If you’re interested in investing in secondaries, you can sign up here (accessible to sophisticated / high net worth investors only). If you’re interested in structuring a secondary transaction, drop me an email.
San Francisco based Industry Ventures are something of a pioneer in the venture capital secondaries market. They raised their first secondaries fund in 2000, just as the dotcom crash was kicking in. They saw the opportunity to buy into great companies and funds at better prices while the market at large was panic-selling. Over the years they’ve used secondaries and other innovative strategies to back some huge winners, from Airbnb and Alibaba to Uber and UIpath.
Industry recently raised a $1.45bn fund to take advantage of both indirect (fund-level) and direct (company-level) secondary opportunities in late stage venture. This is an enormous fund in VC terms. It represents 20% of the total capital Industry have raised in their 23 year history.

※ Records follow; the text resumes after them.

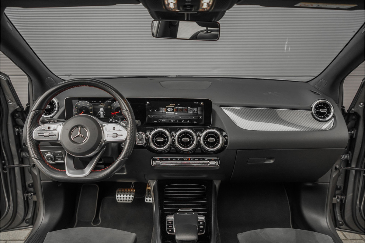 Autobedrijf Schouten biedt u deze Mercedes-Benz B-Klasse 200 Business Solution AMG aan, origineel Nederlands en volledig dealeronderhouden. Het exterieur van de Mercedes is uitgevoerd in de metallic kleur: 'Mountaingrau', gecombineerd met een zwart lederen / alcantara interieur. Verder beschikt de Mercedes-Benz B-Klasse 200 Business Solution AMG over een mooie lijst met opties, waaronder:
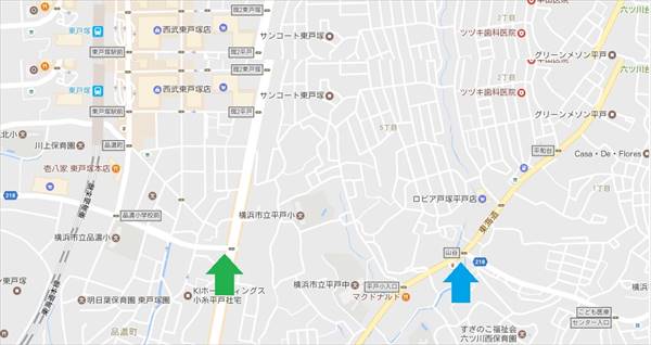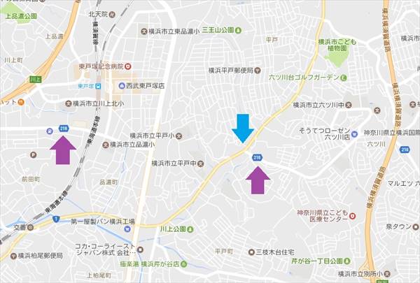 山谷交差点(青矢印)と平戸桜木道路(紫矢印)(Googlemapより)
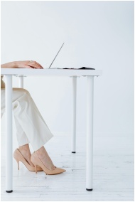 Chic workspace featuring a laptop on a white table with a person in stylish heels and white pants.
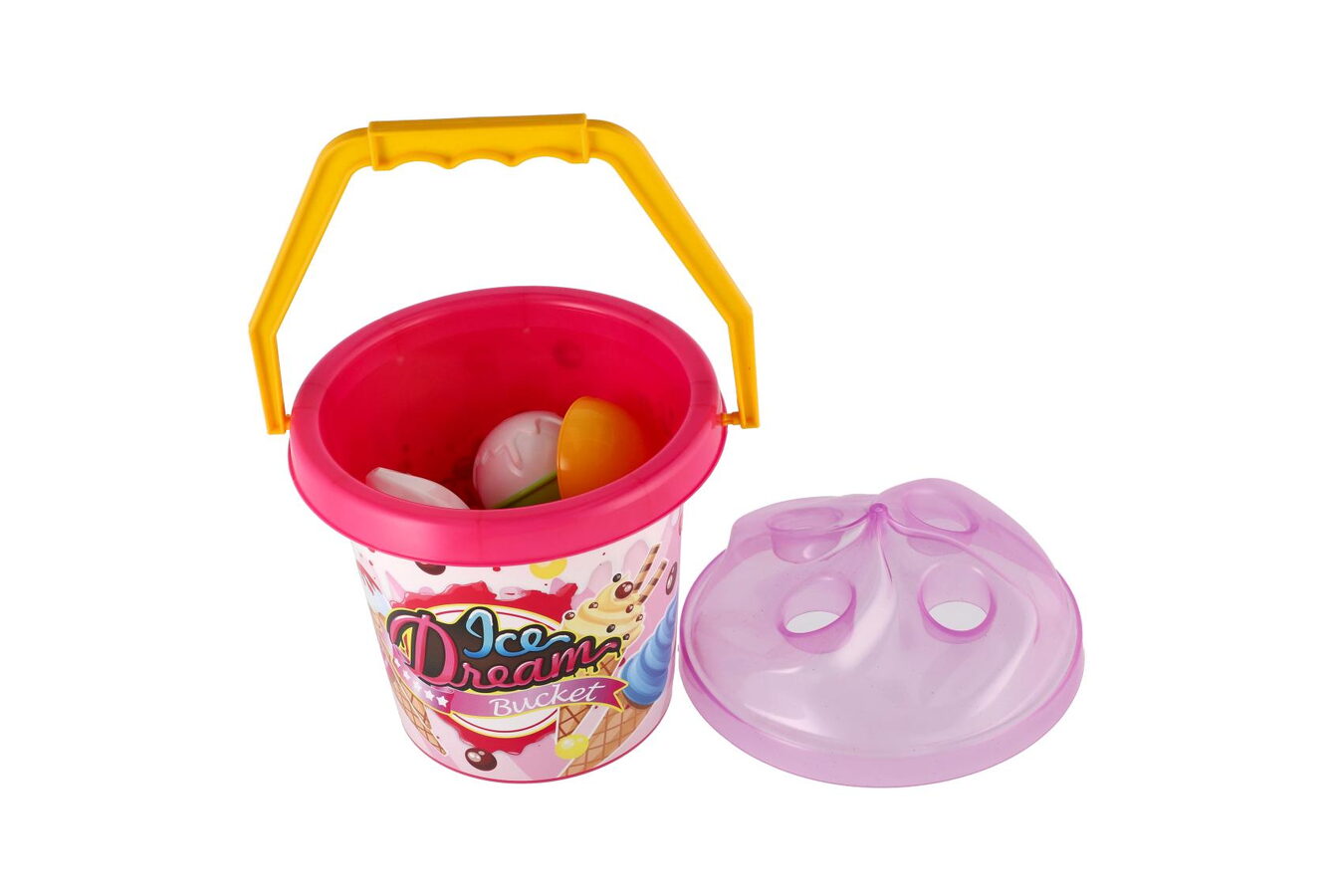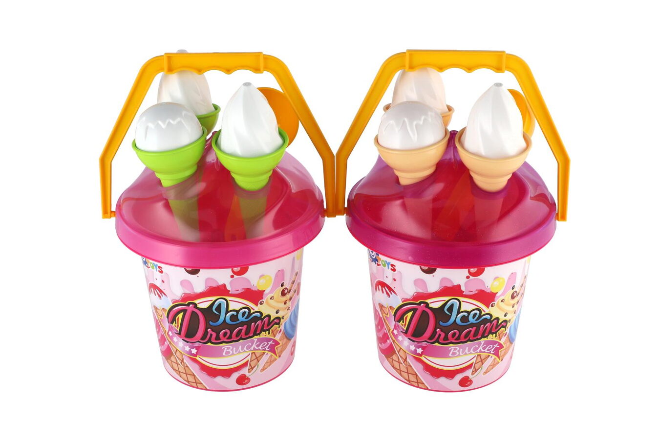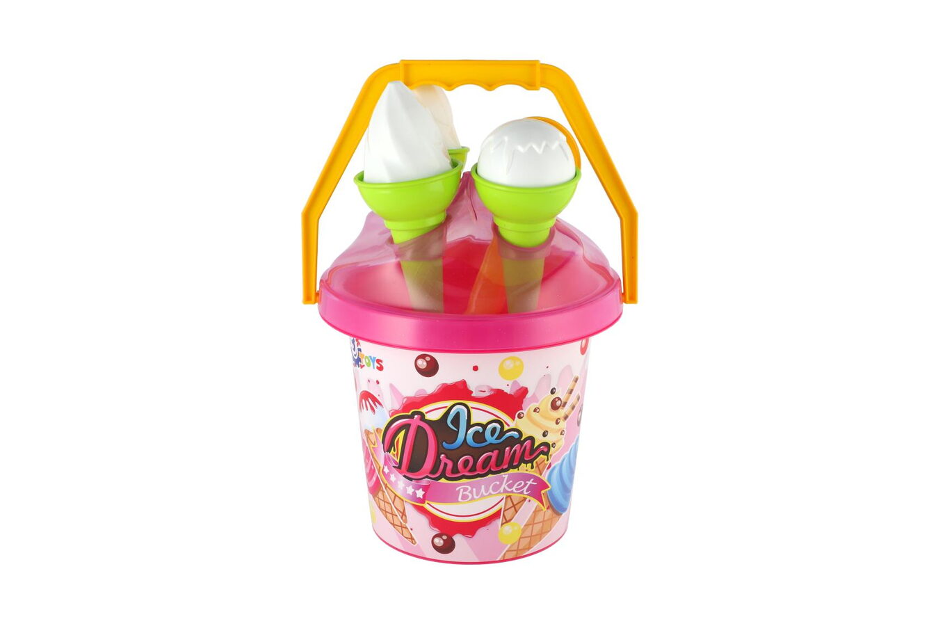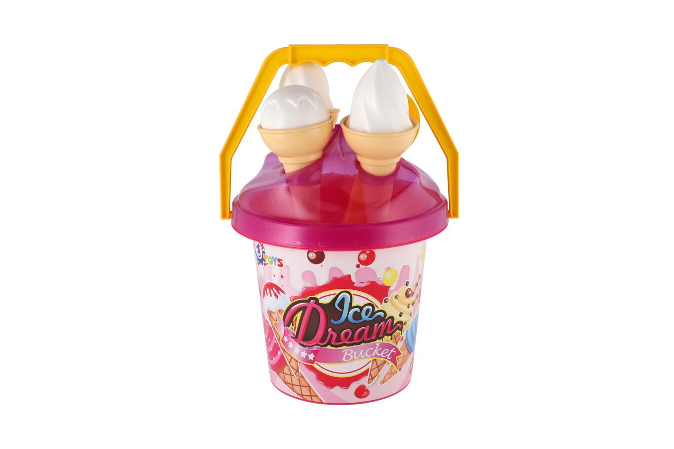 Hurá na pískoviště! Aby na něm byla dobrá zábava, nesmí tam chybět hračky na písek, které patří nepochybně mezi nejoblíbenější venkovní hračky. Sada obsahuje kyblíček, naběračku na zmrzlinu a bábovky v podobě zmrzlinových kornoutů a kopečků. Sada na písek je vyrobena z kvalitního a odolného plastu. Baleno v síťce.
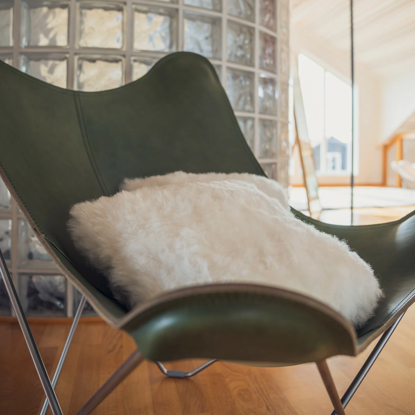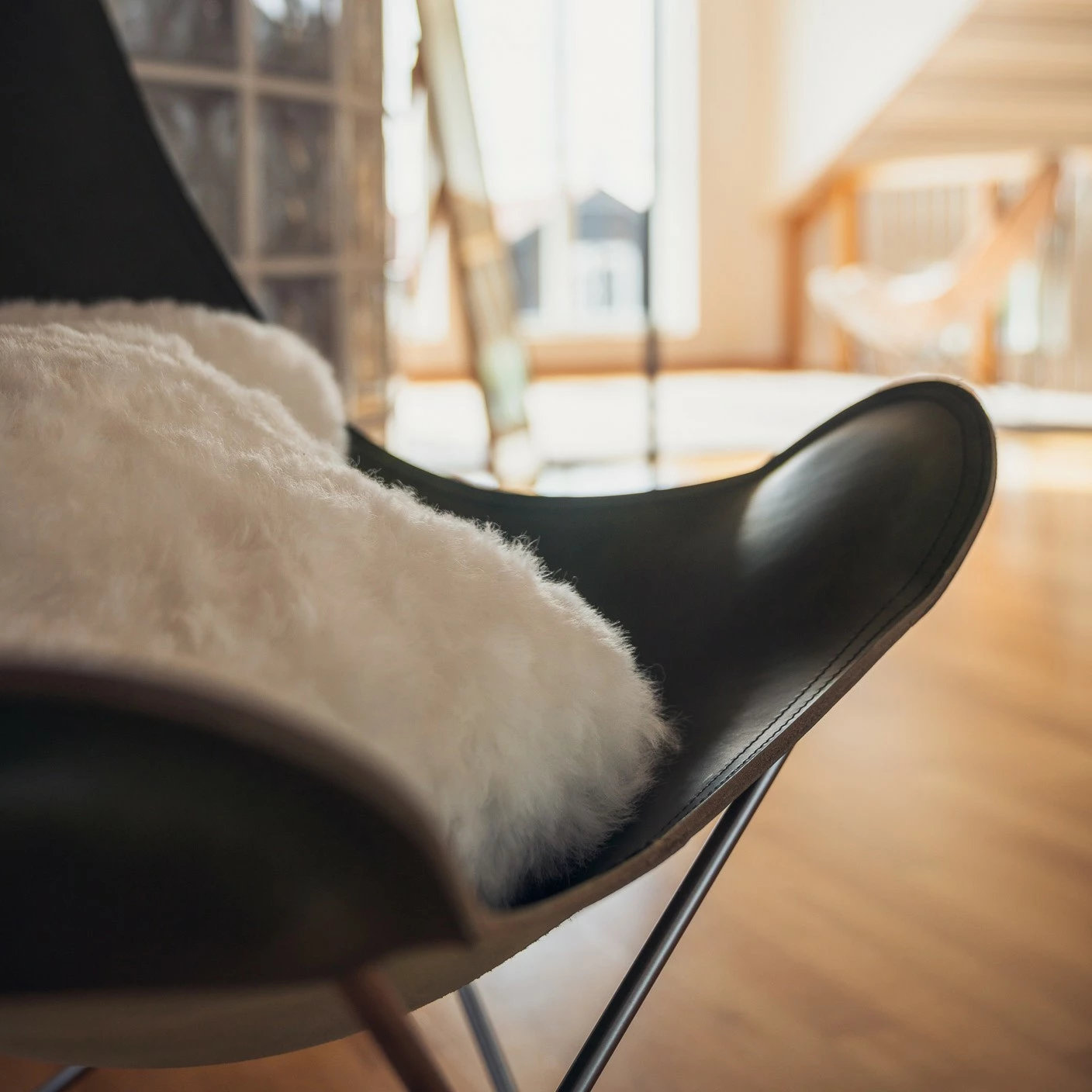 Auch heute ist der Mariposa Butterfly Chair Leder farbig ein beeindruckendes Möbelstück, das sich durch seine klare Linienführung und dem minimalistischen Design sehr gut mit anderen Möbeln kombinieren lässt. Doch nicht nur wegen seines modernen Designs erfreut sich der Butterfly Chair heutzutage wieder großer Beliebtheit: Die große Sitzfläche bietet viel Platz zum gemütlichen Sitzen – genau dieser Aspekt galt in den 50er Jahren als revolutionär und war eine absolute Neuheit. Das hochwertige, Leder der breiten Sitzfläche wurde offenkantig vernäht und ist somit sehr robust. Das filigrane Gestell aus pulverbeschichteten Rundstahlstäben steht im Kontrast zu der Natürlichkeit des Leders und unterstreicht den industriellen, minimalistischen und modernen Charme des Mariposa Butterfly Chair mit seiner Ledersitzfläche.
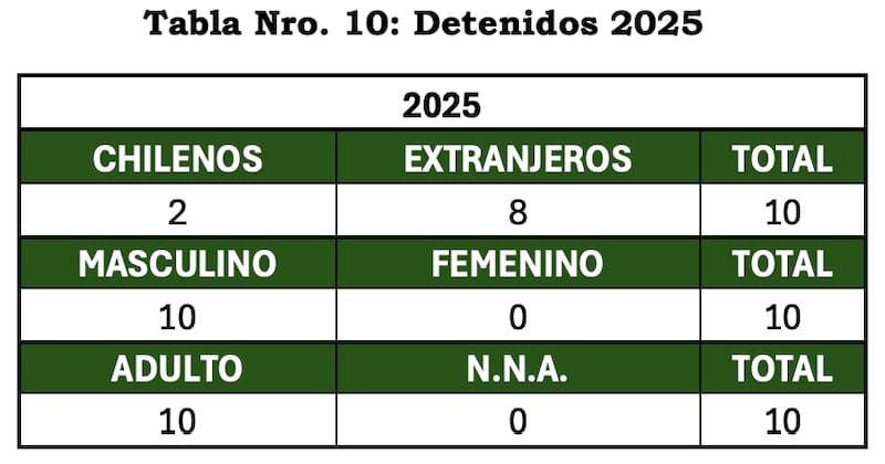 En los tres años analizados, la mayoría de estos delincuentes ha sido extranjeros y siempre hombres. En 2023 hubo 7 chilenos y 18 extranjeros detenidos: en 2024, 6 extranjeros y ningún chileno detenido, y en 2025 van 2 chilenos y 8 extranjeros aprehendidos. “La principal nacionalidad extranjera involucrada es la venezolana”, afirma el texto.

In Europe, numerous managers, including Gresham House and Flashpoint have raised smaller funds with similar plans. EQT, one of Europe’s biggest VC & PE houses, is testing its own private market, allowing its 1,000+ LPs to trade secondaries between themselves. Retail investment platforms like my former employer Crowdcube, with their recent acquisition of employee secondaries provider Semper, also see opportunity
According to a recent survey by Goldman Sachs Asset Management, 48% of private markets LPs (limited partners - the investors in PE and VC funds) plan to increase their allocation to secondaries in the next year. This makes it the second most popular new strategy for LPs, behind co-investments. Both secondaries and co-investments are signs of a buyer’s market for LPs. They see the opportunity to access great deals at better prices (secondaries) and to muscle in directly on hot opportunities because fund managers are finding it harder to raise money (co-investments).
As is often the case, secondaries activity in VC echoes what is happening at a larger scale in the private equity landscape. Goldman Sachs ($15bn), Blackstone ($25bn) and French private equity group Ardian ($20bn) have all raised record-breaking secondary funds this year. The PE and VC worlds increasingly overlap, of course: a former Ardian exec recently teamed up with VC firm General Atlantic to launch Clipway, a $4bn growth / buyout crossover secondaries fund.
All of this activity is doubly impressive given that it is happening against a backdrop of higher interest rates and news that, in general, LPs are reducing their allocations to private markets assets.
It is, of course, a classic case of Warren Buffet’s advice to be greedy when others are fearful.
Many VC firms are at the end of fund cycles for very large funds that they raised in 2010 - 2018. For growth funds in particular (those investing at series B and above, aiming to drive liquidity in ~5 years or less), if they did not return much cash to investors before the IPO and acquisition markets began to close up in late 2021 / early 2022, they’re now sitting on paper returns at significant markups to publicly listed comparables in a buyer’s market. They’re also under intense and increasing LP pressure to deliver cash. As a result, investors who can offer liquidity can do so at knock down prices.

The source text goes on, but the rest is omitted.